Italian Court Attacks Death Penalty in Blocking Extradition
ROME (AP) _ In a slap at American death penalty laws, Italy’s highest court ruled Thursday that an Italian-born restaurateur cannot be returned to Miami to face charges of killing a tax collector.
The decision strikes at a key pillar of the U.S.-Italy extradition treaty _ that suspects will be turned over only if American prosecutors promise not to seek execution.
The Constitutional Court adds another prominent voice to the growing European opposition to capital punishment, even at the risk of ignoring international pacts.
The court said the extradition treaty did not offer enough guarantees that a defendant would be spared the death penalty despite promises by American authorities.
Florida prosecutors had agreed not to seek execution for Pietro Venezia, 43, whose case became a rallying point for activists and officials in Italy, where capital punishment is outlawed.
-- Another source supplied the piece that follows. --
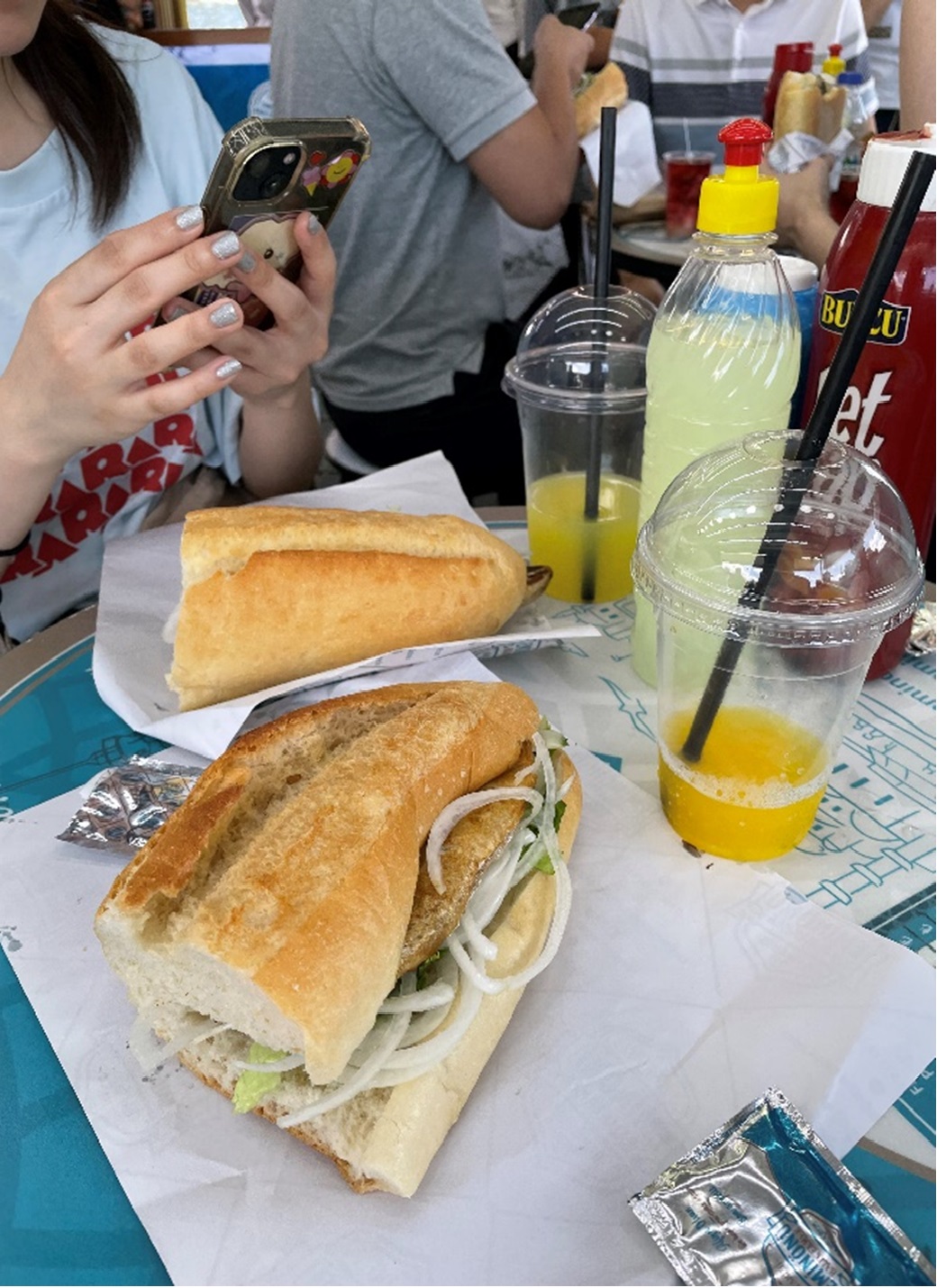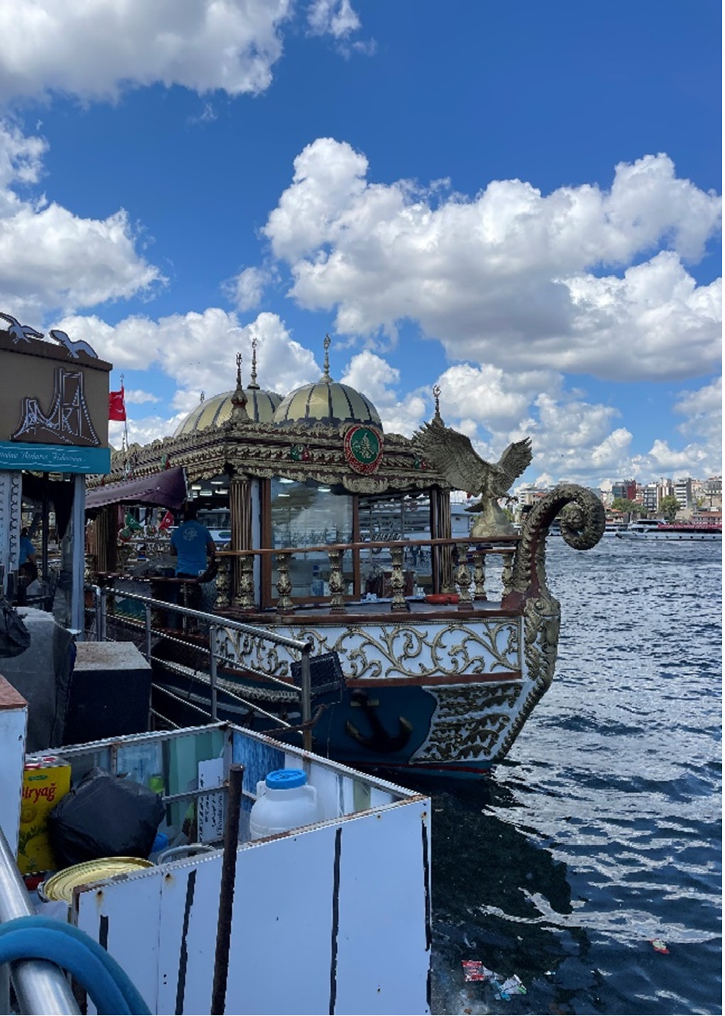 何も買うことなく次はガラタ橋に向かいました。ガラタ橋は2階建ての大きな橋で下はお店がにぎわう商店街のようになっていて、上が道路になっています。ガラタ橋付近では鯖サンドが有名なので食べたのですが、とても大きい鯖が一匹分入っていました。久しぶりの焼き魚に感動し、私の舌は完全に日本人だなと思いました。ただ、鯖を焼いているキッチンの部分が船になっており、ありえないほどに波に揺られていたので心配になりました。
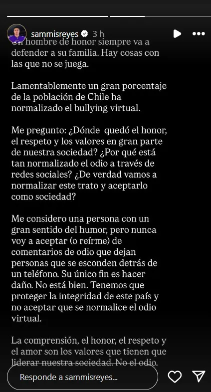 Asimismo, a través de sus redes sociales Sammis continuó con sus descargos. “Un hombre de honor siempre va a defender a su familia. Hay cosas con las que no se juega. Lamentablemente, un gran porcentaje de la población de Chile ha normalizado el bullying virtual”.

Venezia was charged in the Dec. 24, 1993, slaying of Florida state tax collector Donald E. Bonham, 61, who had frozen Venezia’s bank account. Venezia fled to Italy after the shooting and was arrested.
If he remains in Italy, he could face a murder trial. Conviction could bring a maximum sentence of life, but paroles and pardons are often granted more freely in Italy than the United States.
``Under no hypothesis and for no type of crime is complicity by the Italian state allowed in the seeking or carrying out of the death penalty,″ the court said.
A former justice minister, Alfredo Biondi, said he didn’t believe the decision would damage the extradition pact. ``But it’s good we have clarified our position,″ he said.
The decision stunned American officials.
A U.S. embassy spokesman in Rome, Mark Smith, said no comment or challenge was expected until the ramifications of the decision are analyzed. ``We are studying what all this means,″ he said.
Alfred Rubin, a Tufts University professor of international law, said the decision was ``a knock against the treaty.
``But more than that, it’s a signal to the U.S. of a general European unhappiness over the legal validity _ the whole notion _ of the death penalty,″ he said.
Italy and the United States have extremely close crime-fighting cooperation. Many suspects, including reputed Mafia members, have been extradited from Italy under the pledge that U.S. authorities would not seek the death penalty.
In 1993, Italy extradited to California the owner of a sportswear company, John Barret Hawkins, charged in a murder-for-insurance scam. In California, which has the death penalty, he was convicted and sentenced last year to 25 years to life.
Many European activists and officials openly challenge the U.S. death penalty.
Demonstrations are common and, in Italy, politicians routinely denounce capital punishment. In a landmark decision in 1989, the European Court of Human Rights said the threat of the death penalty was a violation of human rights.
Italian death penalty opponents celebrated the court’s ruling.
``A battle for civilization, which will take its place in the history of our country, has been won,″ said Ersilia Salvato, a deputy president of the Senate and member of the Communist Refoundation party.